The present invention relates to an apparatus and a method for washing both surfaces of a substrate such as a semiconductor wafer and an LCD (liquid crystal device) substrate.
In the manufacturing step of a semiconductor device, a photolithographic technique is employed for forming a circuit, an electrode pattern etc. on the semiconductor wafer. In the photolithographic process, the semiconductor wafer is first coated with a photoresist solution. Then, the coated resist is exposed to light, followed by being developed with a developing solution. It should be noted that, before a series of resist processing noted above, a front surface of the wafer which is to be coated with a resist solution, is washed in order to prevent defect occurrence in the circuit pattern and short-circuiting of the wiring. It is also necessary to wash a back surface of the wafer in order to prevent a focus error during the light-exposure step and particle generation.

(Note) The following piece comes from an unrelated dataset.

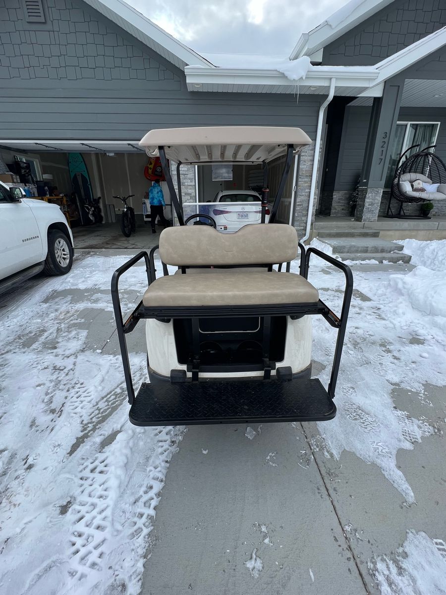 VenmoPurchased from RMT Equipment in Salt Lake City 2023. 4-5 passenger - Includes rear seat and storage underneath. Good condition and worry-free reliability powered by 2 lithium battery system. cart delivers consistent power, ultra-fast charging, and zero battery maintenance—perfect for anyone who wants dependableTransportation without the hassle. Built for versatility - ideal for your community, golf courses, RV parks, commercial properties, or anyone needing a smooth, quiet, and efficient way to get around. We used it to get around in our community.
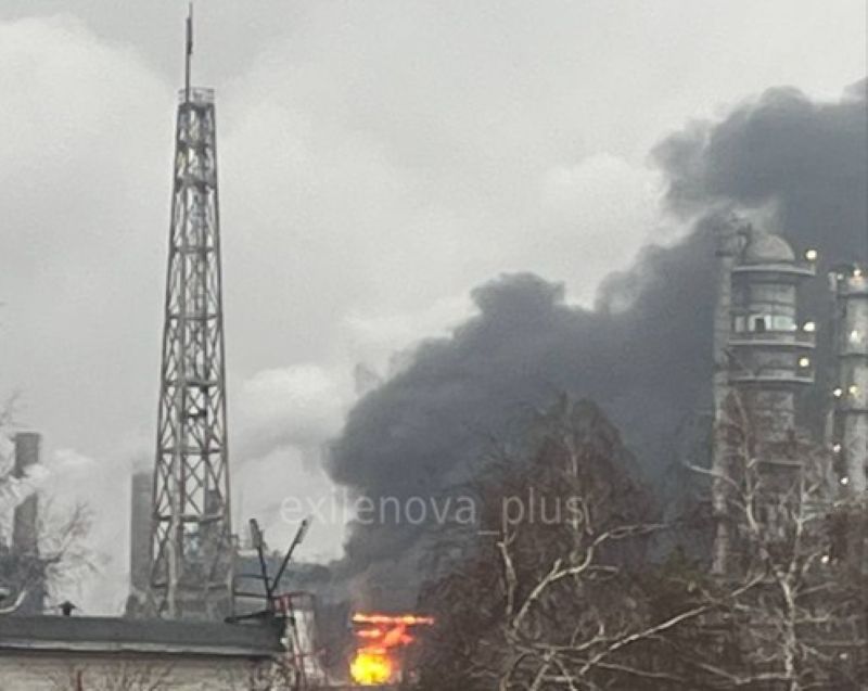 Попередньо, горить одна з установок первинної переробки нафти. Вогонь видно із різних районів міста.

It was customary in the past to use a scrub-washing device for washing both surfaces of a semiconductor wafer with a brush, while supplying a washing liquid to the semiconductor wafer. In general, the washing device of this type includes a front surface washing unit, a back surface washing unit, a wafer reversion unit, and a heating/cooling unit, which are arranged with the transfer path sandwiched therebetween. Furthermore, the washing device has a wafer transfer arm mechanism moving on the transfer path. When the washing device is used for washing both surfaces of the semiconductor wafer, the wafer is transferred by a transfer mechanism into each of the units by the wafer transfer arm mechanism in accordance with a predetermined recipe, thereby applying a series of washing treatments to the wafer.
In the substrate washing treatment of this type, it takes long time to wash a substrate since both surfaces are washed separately. It follows that users desire to improve a throughput for the washing process.
In the conventionally-used process, a front surface of a wafer is first washed, heated, and cooled. The wafer is then reversed to wash the back surface thereof. The resultant wafer is reversed again and subjected to heating and cooling steps. Thus, the wafer is washed in the fixed manner mentioned above without flexibility. In these circumstances, users requires to wash a substrate in a more flexible manner. However, it is insufficient for the conventional both-surface washing apparatus to satisfy the aforementioned requirements.